O.J. Simpson is a creature of habit – and murder, don’t forget murder
A few weeks ago O.J. Simpson’s girlfriend cheated on him with a handyman. O.J. confronted the guy and threatened to kill him. Now why does this sound familiar? The New York Post reports:
With his gal pal, Nicole look-alike Christie Prody, next to him, Simpson peeled his Lexus sedan into the driveway in the late evening as Marlene Gonzalez was parking her brawny hubby’s pickup truck.
Simpson made a beeline for her, shouting, “I need to f- – -ing talk to you,” Marlene Gonzalez said.

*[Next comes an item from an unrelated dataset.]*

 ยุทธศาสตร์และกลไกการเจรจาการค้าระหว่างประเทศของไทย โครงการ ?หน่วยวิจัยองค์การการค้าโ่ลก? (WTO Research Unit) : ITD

He told her that her husband had sex with Prody earlier that day, she said.
“I told him he had to solve that problem with his girlfriend,” she said.

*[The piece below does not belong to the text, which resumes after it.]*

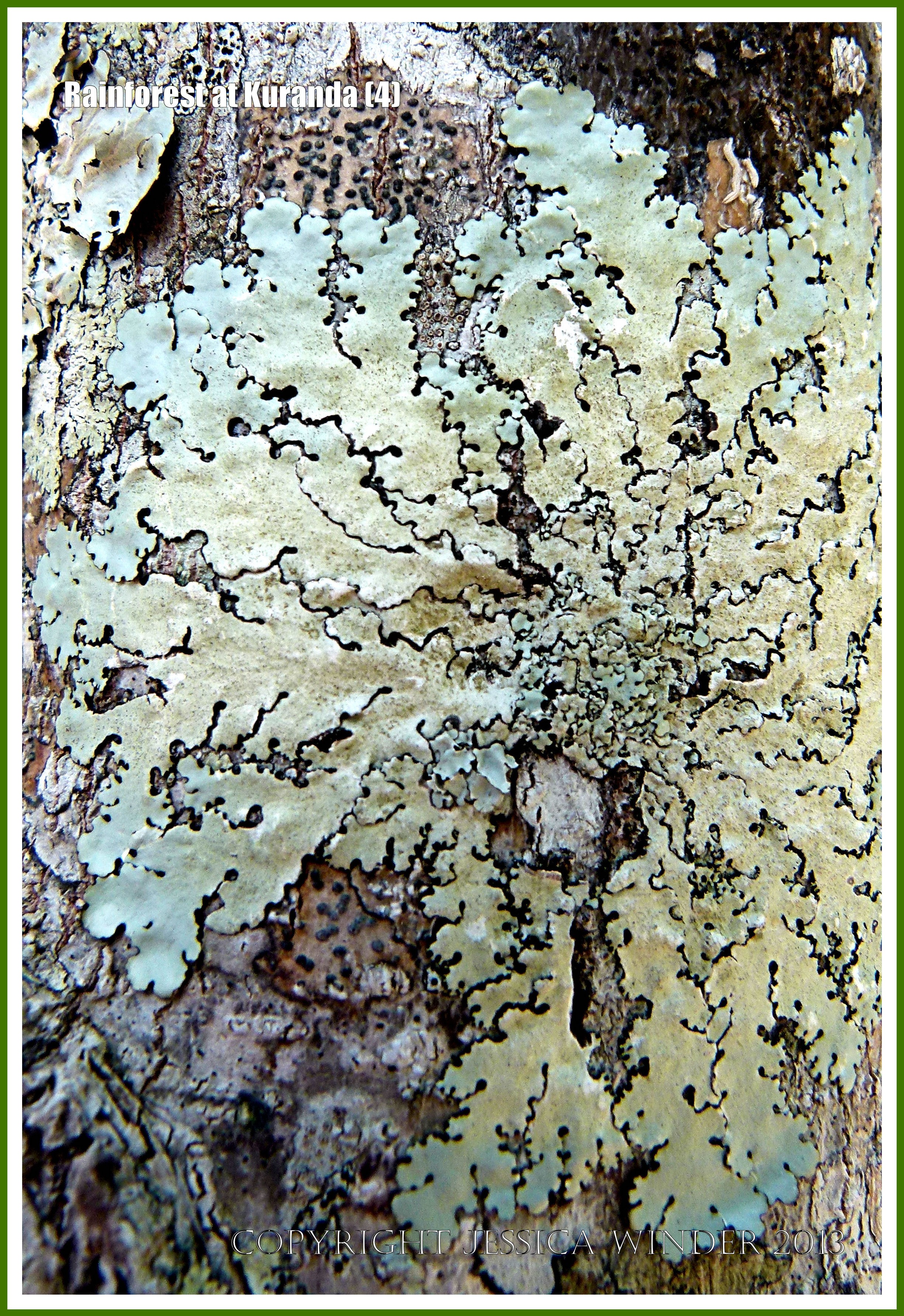 Rainforest at Kuranda 4 – Lichen on a tree trunk in the wet tropical rainforest at Kuranda in Queensland, Australia.

Janos Gonzalez, who had been inside, emerged and told Simpson to leave.
But Simpson told the lantern-jawed lothario: “Come over here. I’m going to f- – -ing kill you,” Marlene Gonzalez said.
Simpson then placed his hand behind him as if drawing a gun, she said.

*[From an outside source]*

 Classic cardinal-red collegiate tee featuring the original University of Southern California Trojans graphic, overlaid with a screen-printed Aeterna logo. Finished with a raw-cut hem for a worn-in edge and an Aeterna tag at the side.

Okay, stop for a minute. If you’ve had sex with O.J. Simpson’s girlfriend and he shows up at your house threatening to kill you, it’s a safe bet that HE F—ING WILL! How stupid do you get? Who does this guy think he is coming out of the house? I didn’t know Superman’s real name was Janos Gonzalez. Apparently I’ve been misinformed, because Janos here is going to demonstrate how bullets bounce off his chest.
NOTE: When did the Post start writing like a harlequin novel? “Brawny hubby?” “Lantern-jawed lothario?” This isn’t even Page Six, this is their actual news. I tried to read about the presidential candidates, but I got confused when the stable-hand started churning the lady-of-the-house’s butter while the baron was out to market.